Mexico is also on List 2. President Fox and his entire corrupt government really need an attitude adjustment. I will have a couple extra tank and infantry divisions sitting around. Guess where I am going to put ‘em? Yep, border security. So start doing something with your oil.

Oh, by the way, the United States is abrogating the NAFTA treaty - starting now.

We are tired of the one-way highway. Immediately, we'll be drilling for oil in Alaska - which will take care of this country's oil needs for decades to come. If you're an environmentalist who opposes this decision, I refer you to List 2 above: pick a country and move there. They care.

It is time for America to focus on its own welfare and its own citizens. Some will accuse us of isolationism. I answer them by saying, "darn tootin’."

Nearly a century of trying to help folks live a decent life around the world has only earned us the undying enmity of just about everyone on the planet. It is time to eliminate hunger in America. It is time to eliminate homelessness in America. It is time to eliminate World Cup Soccer from America. To the nations on List 1, a final thought. Thanks guys. We owe you and we won't forget. To the nations on List 2, a final thought: You might want to learn to speak Arabic. God bless America. Thank you and good night. If you can read this, thank a teacher. If you are reading it in English, thank a soldier.

(Please forward this to at least ten friends and see what happens! Let's get this to every USA computer!)


Okay. Here’s what happens. The following is my reply.


I think it's a great idea to cut China off. After all, how much money to we owe them? I'm fairly certain we're ready to pay back that debt, since we put almost the entire Iraq war on a credit card to begin with. (Just exactly what money do you intend to redirect?) Also, do you realize that the vast majority (something like 90%) of everything China makes is for Wal-Mart? There are no American made televisions? No completely American made cars? Just exactly what is American made anymore?

If we go it alone on oil, even if your figures are accurate (and most say they're not), you've just raised our gas prices, conservatively, to $8.00 a gallon. And why not? We suddenly know how much oil we have and when it will run out. Scarcity always drives up the prices. On the good side, that will prompt us to produce alternate energy sources. Unfortunately, we're probably about 10 years (in the least) from having anything that will even come close.

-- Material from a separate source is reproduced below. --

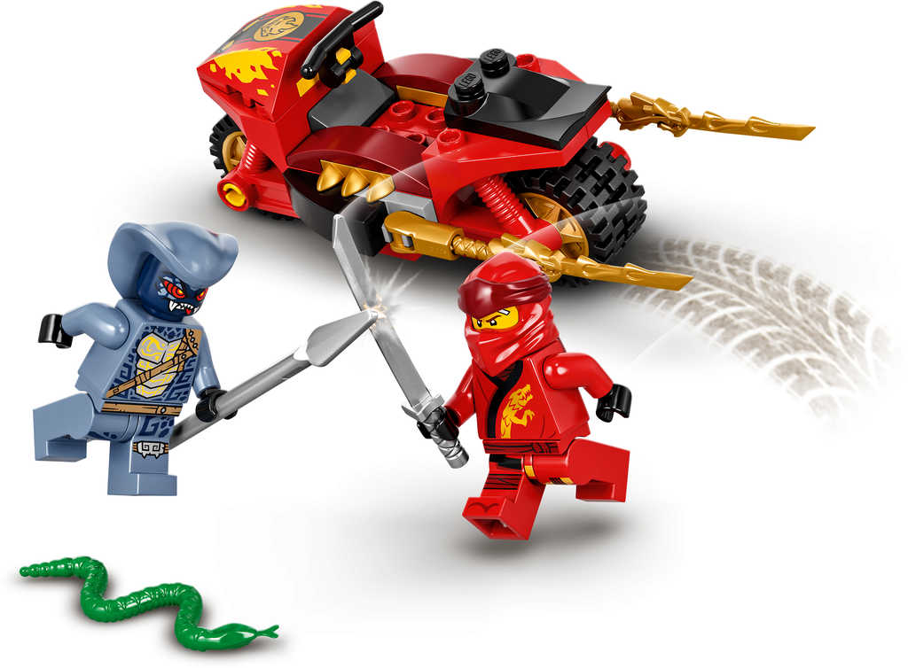 jízdu na Kaiově LEGO motorce s čepelemi a odrovnej hadího válečníka Rattlu i s jeho vystřelovačem.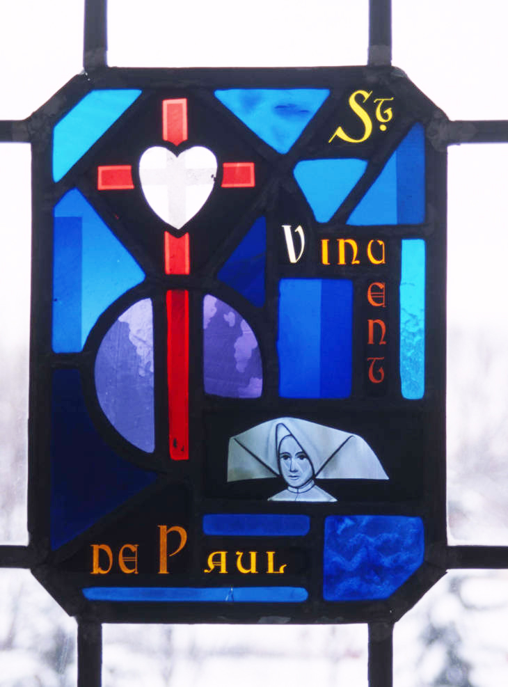 SVdP window, with emblem of Daughters of Charity, face of Catherine Labouré

And you want to talk scarce? You've driven up prices on everything. Since we are no longer a manufacturing country, then demand goes up on those few things that can be imported or are made at home. Who wants to pay $300 for a toaster?

I suppose we can start being a manufacturing country again, but we are not totally self-sufficient. No country is. Who suffers? The consumer. So you may want to isolate yourself, but you can't. Besides, if we don't buy anything from China, who do we sell our crops to? Russia and China are two of our biggest customers. You've just created a surplus on agricultural products, one of the few things we still lead the world in. If you remember from your Econ 101 classes, surpluses always drive down the prices.

So let's review: Even if we renege on our debt with China (and other countries, including France), then we have run away inflation and plummeting wages. In short, you start a world-wide depression that makes the '30s look like good times with massive starvation everywhere, including the US. Even if we subsidize our farmers to keep producing food when it is no longer profitable (of course, how we do that is beyond me, since we can no longer borrow money from anybody), we still can't get it to the consumer because energy costs have killed the shipping industry, but I suppose we could subsidize that, too. In short, before you start with these wonderful ideas, do the math.

Two other points: One: By your plan, terrorists will quake in fear from the United States' retaliation, just like they do now. And, Two: It will cut down on immigration. Who would want to live here?